Anyone familiar with Davis’ most famous roles as imperious, domineering women may barely even recognize her as Agnes, just six years after her Oscar-nominated comeback in All About Eve. But what might seem at first like miscasting proves to be a rewarding choice, and Davis immerses herself in the role of this dowdy, self-sacrificing housewife. There’s none of Davis’ above-it-all haughtiness in Agnes, just a bone-deep weariness at every compromise she’s had to make in her life, and a stubborn determination that she’s not going to compromise on this one special day for the daughter she feels guilty for neglecting.

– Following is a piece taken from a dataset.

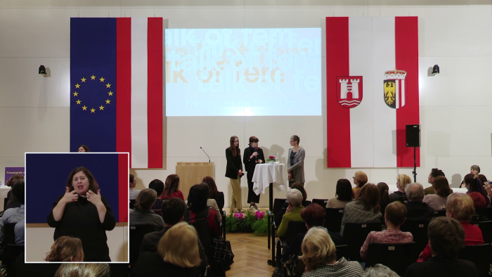 Am 27. Feb. 2020 | 19:00 Uhr + talk of fem - Verleihung des Frauenpreises der Stadt Linz 2020 Created at 25. Feb. 2020 5688 Ansichten by dorftv BeschreibungEmbed Der Internationale Frauentag wurde 1910 auf der 2. Internationalen sozialistischen Frauenkonferenz in Kopenhagen als Kampftag für Frauenrechte beschlossen. Seither wird der 8. März weltweit als Internationaler Frauentag begangen. Nach wie vor ist die tatsächliche Gleichstellung von Frauen und Männern in unserer Gesellschaft Wunschdenken. Tradierte Rollenbilder und Zuschreibungen bestimmen auch heute noch weitgehend das Denken und Handeln. Die Förderung von Frauen in den unterschiedlichsten Bereichen ist eine gesellschaftspolitische Notwendigkeit für mehr Chancengerechtigkeit der Geschlechter.Deshalb wird jedes Jahr im Rahmen der Veranstaltung „talk of fem“ ein Projekt ausgezeichnet, das sich durch herausragende Aktivitäten und besonderes Engagement für Frauen und Mädchen hervorhebt. talk of fem Frauenpreis der Stadt Linz 27. Februar 2020, 19 Uhr Altes Rathaus, Gemeinderatssaal Programm Begrüßung Verleihung des Frauenpreises der Stadt Linz durch Frauenstadträtin Mag.a Eva Schobesberger Moderation: Mag.a Jutta Reisinger, Frauenbeauftragte der Stadt Linz Gebärdendolmetsch: Mag.a Stefanie Gunesch https://www.linz.at/frauen/4927.php Share & Embed Embed this Video Link to this Video Add new comment Kommentar verfassen login or register to post comments. DORFTV. link 400 Videos, 5 Members #Tags Stadt Linz Eva Schobesberger Jutta Reisinger Stefanie Gunesch Frauenbüro talk of fem Frauenpreis Transkription More from Channel A performative talk-discussion-news-broadcast-concert party thing with Utopic tones. True Blue News - live aus dem Salzamt DORFTV. link since 8 years 8 months WE ARE UNSTOPPABLE - ANOTHER WORLD IS POSSIBLE! Fridays for Future Linz | Weltweiter Klimastreik DORFTV. link since 6 years 9 months Der ganze MoE an einem Stück, ohne Interpretation, ohne Pause und ohne Regie, Musils Lebenswerk ü Marathonlesung: Musils Mann ohne Eigenschaften an einem Stüc DORFTV. link since 6 years 9 months 01:46:08 Sevdah an der Donau Lied der Begegnung Sevdah an der Donau / Sevdah na Dunavu I Teil 1 DORFTV. link since 8 years 2 months 02:10:56 Anlässlich des Ferienbeginns organisiert die AIDSHILFE OBERÖSTERREICH am Linzer Taubenmarkt zum s Live vom Turteln am Taubenmarkt 2018 - Aidshilfe OÖ DORFTV. link since 7 years 5 months 00:38:56 Am Weltflüchtlingstag finden europaweit viele Veranstaltungen statt, die das Bewusstsein für den VIELFALT.in.CONCERT 2018 mit Lalá Vocalensemble, Sabri Opak DORFTV. link since 7 years 5 months 00:38:49 Am Weltflüchtlingstag finden europaweit viele Veranstaltungen statt, die das Bewusstsein für den VIELFALT.in.CONCERT 2018 mit 1er Koda & Bauer Max, Moussa Ké DORFTV. link since 7 years 5 months 00:53:31 Am Weltflüchtlingstag finden europaweit viele Veranstaltungen statt, die das Bewusstsein für den VIELFALT.in.CONCERT 2018 mit Kravali, Misses U, Def ILL aka DORFTV. link since 7 years 5 months 01:22:27 Am Weltflüchtlingstag finden europaweit viele Veranstaltungen statt, die das Bewusstsein für den VIELFALT.in.CONCERT 2018 mit Average, La Oona Montana, CHiLL DORFTV. link since 7 years 5 months 00:47:56 Wir drehen eine Runde am Festivalgelände in Ottensheim, beobachten die letzten Vorbereitungen vor Ottensheim Open Air 2018 | Rundgang am Festivalgelände DORFTV. link since 7 years 5 months 00:06:00 "Zur Lage" Zur Lage | Es liest Judith Gruber-Rizy - Eine Veranstaltung DORFTV. link since 7 years 7 months 00:05:54 "Zur Lage" Zur Lage | Es liest Christine Mack - Eine Veranstaltung der DORFTV. link since 7 years 7 months Mehr vom User 00:29:57 dorf tv. überträgt live vom Festival SUNNSEITN am Sa. 28. Juli im Brauhaus Freistadt SUNNSEITN 2018 - Arnaud Méthivier (FR) DORFTV@festival since 7 years 4 months 00:56:22 dorf tv. überträgt live vom Festival SUNNSEITN am Sa. 28. Juli im Brauhaus Freistadt SUNNSEITN 2018 - Voodoo Jürgens (AT) DORFTV@festival since 7 years 4 months 00:14:59 dorf tv. Sommerloch #26A - LinzerBiene @ Neues Rathaus dorf tv. sommerloch since 7 years 4 months 00:15:40 Team: Raziyeh Nanabi, Parmida Masruor, Mariam Ahmadi, Somaye Ramezani, Nazanin Fesahat, Elham Mas OPEN HOUSE | Workshop: Live Senden DORFTV open house since 7 years 4 months 00:00:55 alleycat start beim lentos SCCM - Steel City Cycle Messengers since 14 years 2 months 00:28:29 http://www.cornerstone.co.at/about/ Cornerstone - Bandpräsentation DORFTV open house since 8 years 8 months 00:03:54 Texta "Hotel Melancholie" ist das dritte Video aus dem am 15.4.16 erschienenen Album "Nichts dage Texta - Hotel Melancholie (Original Video) Musikvideo since 8 years 8 months 00:10:47 Der "Welt"-Journalist Robin Alexander hat eine aufsehenerregende Recherche über Flüchtlingskrise FS Misik Folge 486: Die Intrige gegen Angela Merkel FS MISIK since 8 years 8 months 00:09:42 FS Misik diese Woche mit folgenden Themen: FS Misik Folge 487: About Schulz FS MISIK since 8 years 8 months 00:10:03 FS Misik diese Woche mit folgenden Themen: FS Misik Folge 488: Tausche Glaubwürdigkeit gegen Rechtswähl FS MISIK since 8 years 8 months 00:00:40 Betrifft nur SeherInnen, die dorf tv. über Antenne empfangen! 20. April 2017 - Umstellung von DVB-T auf simpliTV ! Teaser & Ankündigungen since 8 years 8 months 00:55:17 Mathematiker und Autor Werner Pfeffer im Gespräch über Kreativität. Kepler Salon Extra Extern: Kreativität!? I Schlossmuseum Lin Kepler Salon since 8 years 1 month More like this 01:09:27 Jährlich wird rund um den Internationalen Frauentag der Frauenpreis der Stadt Linz verliehen. talk of fem - Verleihung des Frauenpreises der Stadt Linz DORFTV. link since 9 years 9 months 00:44:16 Im Rahmen des „talk of fem" feiert das Frauenbüro der Stadt Linz den Internationalen Frauentag. talk of fem - Verleihung des Frauenpreises der Stadt Linz Feminismus und Krawall since 11 years 9 months 01:04:12 Frauenpreis der Stadt

But what’s bracing about The Catered Affair is that compromise and moderation are the movie’s most prized values. There’s an eventual happy ending, but it doesn’t come from the fancy wedding improbably working out for everyone. It comes from Agnes and Tom and Jane and Ralph taking each other’s feelings seriously, giving up on their entrenched ideas of what other people want, and letting go of unrealistic dreams. “You’ll get used to it, like everything else,” Agnes tells Jane about housework, by way of explaining married life. Sometimes getting used to it is all you can do.
“The Catered Affair” is available for digital rental and purchase on the usual platforms.